Bacall and Peck are absolutely wonderful together. 

Bacall and Peck are absolutely wonderful together. What I enjoyed most about this movie was seeing this couple who was still crazy in love despite their age. In a world where so many marriages end in divorce, it was refreshing to see two people who could make it work and keep things interesting and fun after so many years. It was a beautifully honest portrait of a happy marriage and two people who truly cared about one another. For example, they kid around about sick people they know and how much money she spent on a fancy French designer hat she found in a thrift shop. It was the type of relationship and marriage I’ve always wanted for myself.

Throughout the visit, it also becomes apparent that Gardner is becoming forgetful in his old age. He starts to become confused about what to buy at the market and there is one scene in which he keeps asking Mags when the last time she visited was. When Mags confronts Fanny about this, she dismisses it saying that’s he’s 75 and he can’t always be expected to be in tip-top shape and that aging is something that happens to all of us.
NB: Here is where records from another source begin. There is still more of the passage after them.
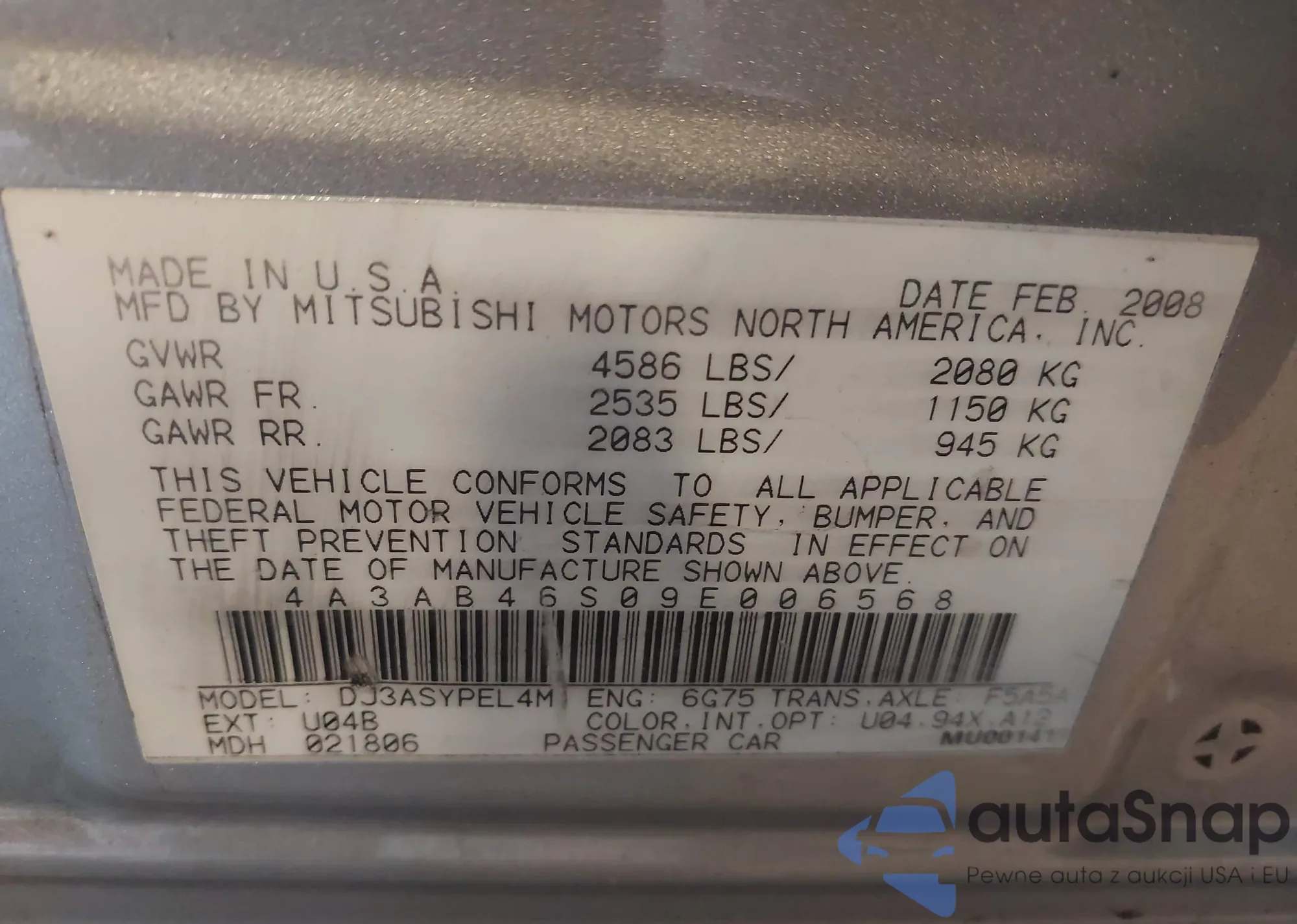 VIN: 4A3AB46S09E006568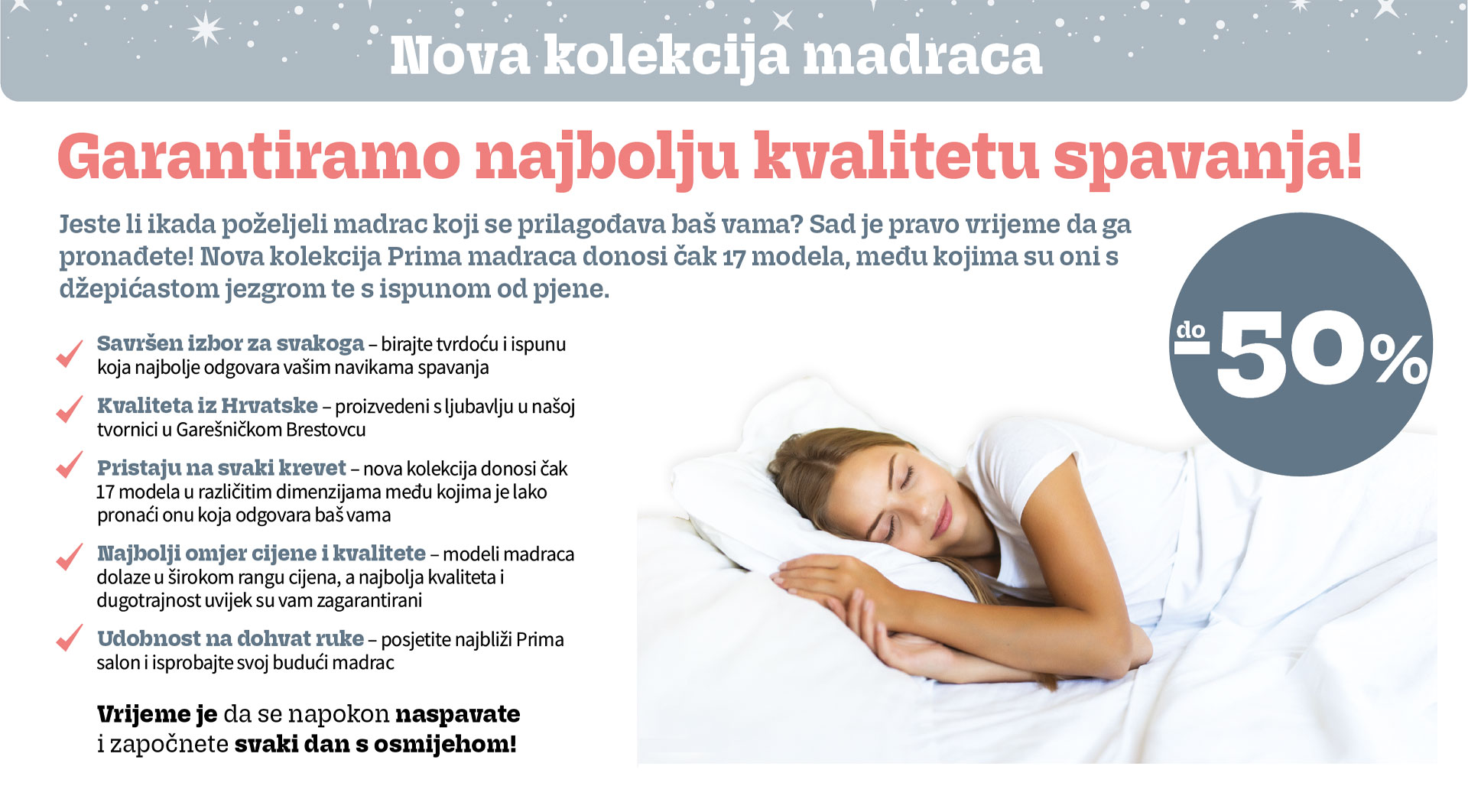 Kako biste pronašli najbolji madrac za sebe najvažnije je da isprobate njegovu udobnost prije kupovine. Svratite u najbliži Prima salon gdje vas čeka nova kolekcija madraca domaće proizvodnje koji su još kvalitetniji i još udobniji.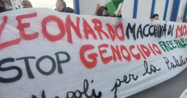 Un sit-in di protesta è in corso davanti alla sede della “Leonardo" a Bacoli. A bloccare l'ingresso dei mezzi alla fabbrica gli attivisti della “Rete Napoli della Palestina", della “Rete studentesca per la Palestina" e del sindacato Si Cobas che hanno aperto striscioni e scritto con vernice sui cancelli frasi contro la Leonardo e contro l'invio di armi ad Israele.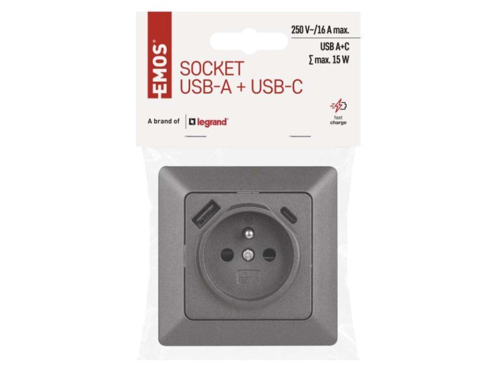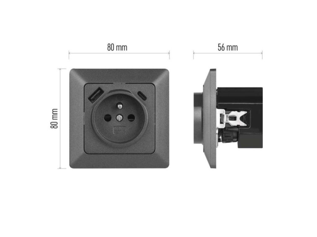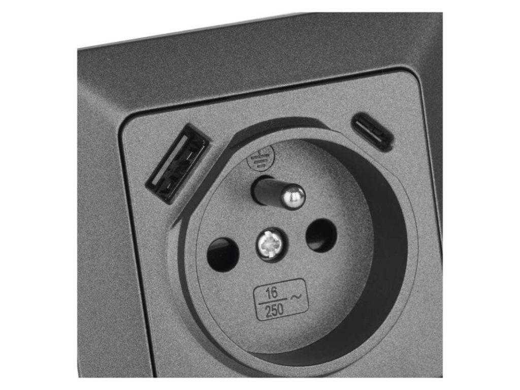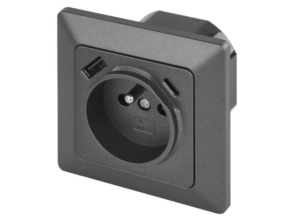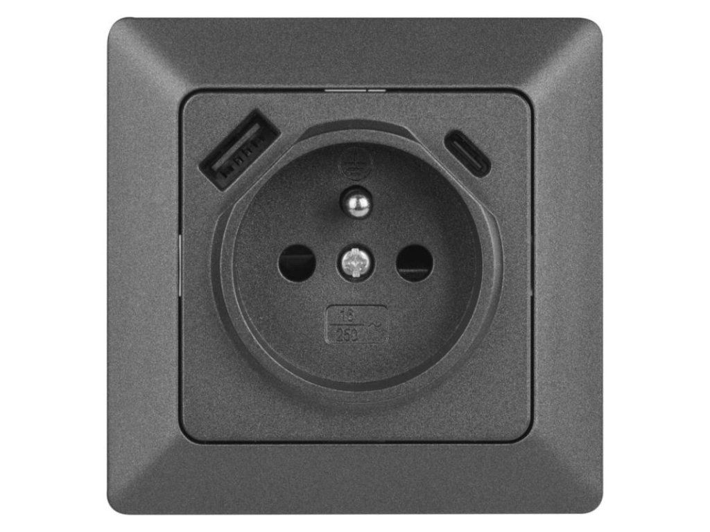 Zásuvka s USB-A+USB-C, antracit

It isn’t until Gardner goes out for a walk and turns up unconscious by the river’s edge that Mags finally makes peace with her parents.

In one of the most poignant scenes, Mags and her mother bond over the seriousness of the situation. Fanny explains to Mags that she felt something physical when she married Gardner, saying that the emptiness she had always felt as a child was finally filled. She was a happy child, but she became an even happier adult. I almost cried when she explained that she could still look across the room and marvel at the fact that he married her out of all the women he could have possibly chosen.
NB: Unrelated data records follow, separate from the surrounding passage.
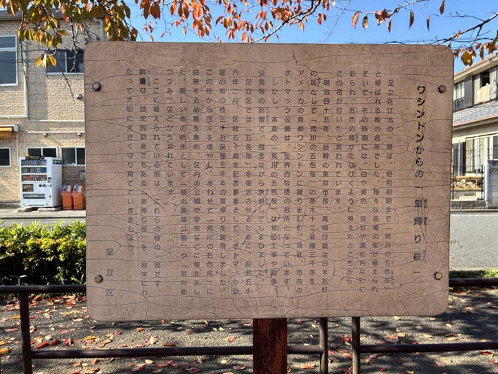 足立区江北の一帯は、昭和初期まで「荒川の五色桜」と呼ばれる桜の名所でした。様々な品種の桜が植えられていて、花の時期には、白や黄色、淡紅や濃紅色などに彩られ、五色の霞がたなびくように見えたところから。この名が付いたと言われています。明治四十五年、当時の東京市長、尾崎行雄は日米友好の証として「荒川の五色桜」の苗木十二品種三千本を、アメリカの首都ワシントンに贈りました。現在、市内のポトマック公園は、世界的な桜の名所となっています。しかし、本家の「荒川の五色桜」は堤防工事や戦争、公害等の影響で、残念ながら衰退してしまいました。足立区では「五色桜」を復活させるために、昭和五十六年二月、区政五十周年記念事業として、ポトマック公園の桜の枝三十五品種三千本の里帰りを実現しました。この枝から苗木を増やし、あわせて「荒川の五色桜」に由来する品種を集め、区内の公園や学校などに植えました。新しい桜の名所として「都市農業公園」や「荒川桜づつみ」などがうまれています。ここに植えられている桜は、これらの桜の一部です。貴重な、歴史的財産でもある「里帰り桜」を、招来にわたって大切に大きく守り育てていきましょう。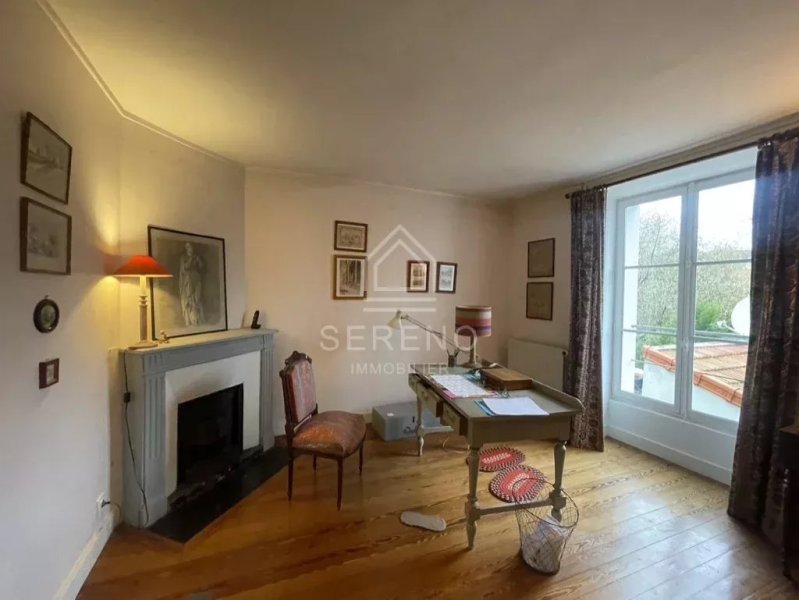 Au rez-de-chaussée, entrée desservant un lumineux salon-séjour traversant avec cheminée, une cuisine équipée, salle à manger, une chambre d’appoint, une salle d'eau et un WC indépendant, tomettes ancienne bon état, petit batiment latéral sur cour avec un bureau boudoir, palier avec WC et salle d’eau, sur couloir traversant desservant le jardin.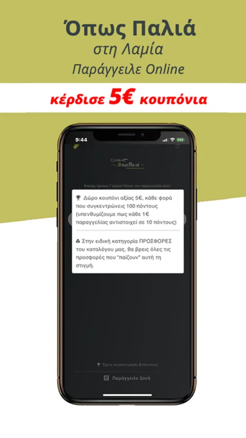 - 10€ κουπόνι κάθε φορά που συμπληρώνεις 1000 πόντους (1€ = 10 πόντοι)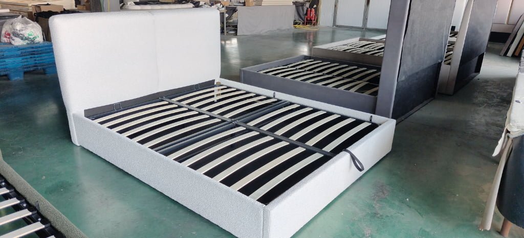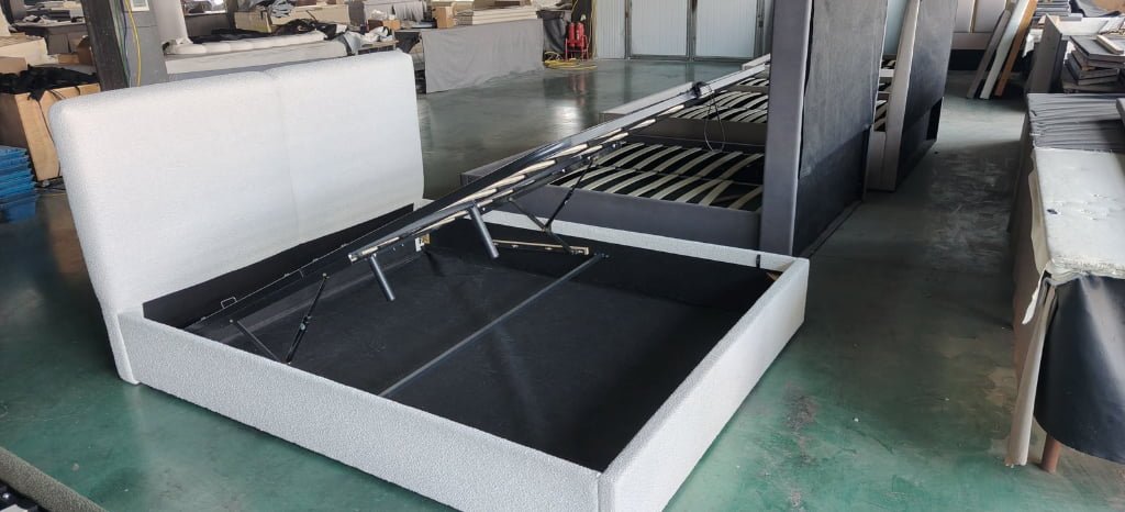 This upholstered storage bed uses a vertically foldable bed base that folds upward and stores behind the headboard, reducing packing volume, improving container loading efficiency, and simplifying installation for bulk orders.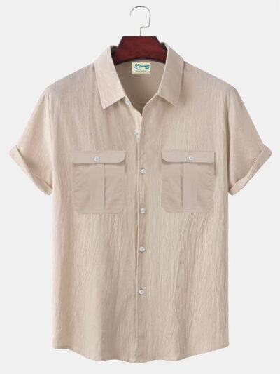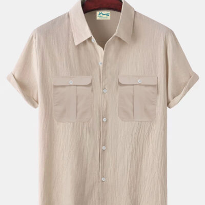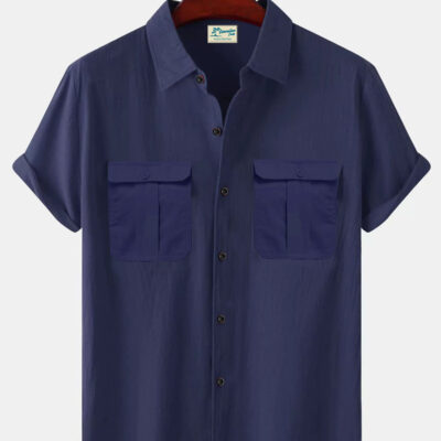 Amazon Mùa Hè Mới Áo Sơ Mi Đơn Giản Nam Màu Cắt Dán Vải Lanh Cardigan Nữ Tay Ngắn Lưng Áo Sơ Mi Nam

She reveals it was Gardner who had wanted to have a baby and she admits that she was hesitant because she didn’t want anyone to end their perpetual honeymoon. Though she loves her daughter, she tries her best to explain that nobody will ever come before Gardner in her heart. She’s concerned about them having less time together because every minute they spend together is so precious and so wanted. That’s why she’s been in denial about his forgetfulness. She’s extremely protective of her love and she doesn’t want anyone to look at him in a diminished sort of way. I think Mags gains a better understanding of her parents’ relationship after this chat.

Once the father returns home from the hospital, Mags has a heart-to-heart with him. I think it helps that this is a real-life father and daughter on the screen, as it makes the emotions seem more genuine. Mags asks what her father thinks about her art and he tells her that he believes she is on the verge of finding herself and that crazy courage we all need to invade our privacy if we’re going to hold nothing back in our work. She seems pleased with this answer. The movie ends at her art show in New York and her parents coming to support her.

“I can still see the big picture – it’s the little details that confound me.”

The best quote in the movie comes from Peck: “I can still see the big picture – it’s the little details that confound me.” I know he said this in reference to his age and forgetfulness, but I felt like that’s true of me also. It’s like I can catch glimpses of what I want my future to be like, but I can’t quite grasp hold of it yet. Maybe the picture isn’t 100% clear of where or who I’ll end up with, but I take comfort in imagining that someone will hopefully reach out their hand to me and come along with me for the ride. I just need more of that “crazy courage” described by Peck. Don’t we all? I want to believe in myself, my ability and in the concept of never-ending love that doesn’t fade over time but rather goes stronger. For if you put the proper amount of time into it, love can blossom like a garden – Fanny and Gardner Church are fictional proof of that. I’d recommend this movie for anyone in the process of still trying to find themselves.